Paces+football+field+at+night.+Photo+by+Joseph+Tucci

Pace’s football field at night. Photo by Joseph Tucci

James Miranda, Sports Editor

Let’s get one thing straight: I don’t like you and I know for damn sure you don’t like me, Pace Athletics.

I will not be naming anyone by name out of respect for the people in Athletics. I’m not saying that the entire Athletic Department is evil because there are some great people in the department. One man in particular who treated me with the utmost respect and was as professional as possible.

Sure, we had our fair share of shouting matches, but this person treated me with respect time and time again and I hope I returned the favor.

And I’d like to thank Athletics for the help they provided the Chronicle and me the last two years in terms of getting coaches and players for us to interview. So, since I never had a chance to say thank you personally, I’ll say it publicly. Thank you.

However, this esteemed department has tried its hardest to censor the Pace Chronicle and I in just about every single way.

Athletics has given the paper a rough time running stories the last two years.
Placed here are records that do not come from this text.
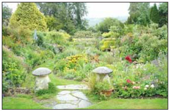
A recent photograph of Sue's garden in Caterham.

Sue is in the final four in the Daily Mail National Garden Competition 2011. Two finalists' gardens will feature in the August 6th edition of Weekend magazine and two in the 14th August edition before the winner is announced. Good luck Sue!
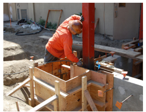
Vibrating the concrete in the elevator structure footing to help it settle and remove air voids.
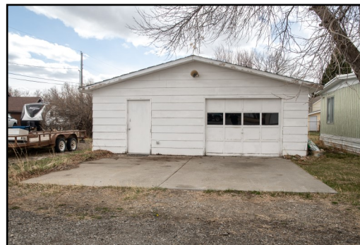
419 E. 8th Ave. Big Timber, Montana

We’ve received countless emails and calls that we can’t speak to athletes, coaches, or officials without their permission. We’ve been given no comments from their department when negative stories were run and that’s unacceptable from a journalistic and professional standpoint in my opinion.

I get it, they’re Public Relations and it’s their job to protect/represent the athletes and coaches. Protect them from what, however?

Perhaps the most bewildering example is their obstruction of writers from writing profiles, which is what we as a newspaper try to run every week on Athletics and were sometimes ruined by this department.

The first article I wrote this year was an athlete profile. Talked to the athlete, wrote the story, and needed another voice—a coach’s voice. But after eight persistent phone calls to said coach, no response, the profile was incompletely run, and I was virtually threatened that they’d tell every athlete on campus not to speak with me.

I didn’t call because I thought you guys were hiding something or an athlete committed a felony, I wanted to ask questions about the athlete’s life for a complete story because that’s my job.

Whenever I spoke to coaches, they would pride their athletes as students first. They would pride the academic standings that athletes provided to the team because they are students first. And there is no rule against me talking to a student.

I can’t express how many times I was contacted by Athletics when I was sports editor because I reached out to an athlete behind their backs and how they had to remind me about their policy, which didn’t apply to me.

Give me one legitimate reason, Athletics, why you were mad about stories such as a pitcher who writes the names of two deceased family members on his cap and plays for them. That’s not negative, that’s journalism. Better yet that’s good publicity.

It’s our job/duty as journalists to stay on top of everything in our beat and write stories about the people within in it. If we have to go through a whole process just to speak to someone we can find in Kessel or have a PR person’s presence hovering over an interviewee’s answers, we can’t do our jobs effectively.

I can’t stress how much I urge the upcoming Chronicle staff to take caution when dealing with this department. Do not let them censor you. Do not let them prevent you from doing your job as a journalist. And most importantly, do not let them tell you that you have to abide by policies set forth by their department.

The Chronicle and Athletics are separate.